The word commodity came into use in English in the 15th century, from the French commodity, to a benefit or profit. The French word derived from Latin and means “fitness, adaptation”. The more specific meaning of the term commodity is applied to goods only. It is used to describe a class of goods for which there demand is, but which is supplied without qualified differentiation across a market. A commodity has full or partial fungibility; that is, the market treats its instances as equivalent or nearly so with no regard to who produced them. “From the taste of wheat it is not possible to tell who produced it, a Russian serf, a French peasant or an English capitalist”. Petroleum and copper are other examples of such commodities, their supply and demand being a part of one universal market. Items such as stereo systems, on the other hand, have many aspects of product differentiations, such as the brand, the user interface, the perceived quality, etc. And, the demand for one type of stereo may be much larger than demand on the other.
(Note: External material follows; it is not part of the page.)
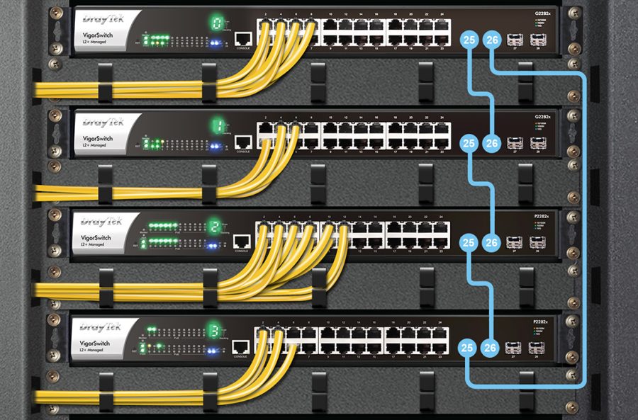 Se stackingovou podporou (od firmwaru v2.10.1) může až 4 VigorSwitch P2300xb fungovat jako jeden logický celek. To umožňuje centralizovanou správu, jednotnou konfiguraci a bezproblémový failover, díky čemuž síť zůstává silnější, chytřejší a vždy online.

In contrast, one the characteristics of a commodity good are that its price is determined as a function of its market as a whole. Well-established physical commodities have actively traded spot and derivative markets. Generally, there are basic resources and agricultural products such as iron ore, crude oil, coal, salt, sugar, coffee beans, soybeans, aluminum, copper, rice, wheat, gold, silver, palladium, and platinum. Soft commodities are goods that are grown, while hard commodities are the ones that are extracted through mining.

There is another important class of energy commodities which includes electricity, gas, coal and oil. Electricity has the particular characteristic that it is usually uneconomical to store; hence, electricity must be consumed as soon as it is produced. Commoditization (also called commoditization) occurs as a goods or services market loses differentiation across its supply base, often by the diffusion of the intellectual capital necessary to acquire or produce it efficiently. As such, goods that formerly carried premium margins for market participants save become commodities, such as generic pharmaceuticals and DRAM chips. Another example is the credit card product, where all suppliers offer almost identical interest rates, fees, rewards programs, and bait & hook incentive models for new customers. Since the core credit card product is essentially identical, the only remaining market differentiators are branding & customer service.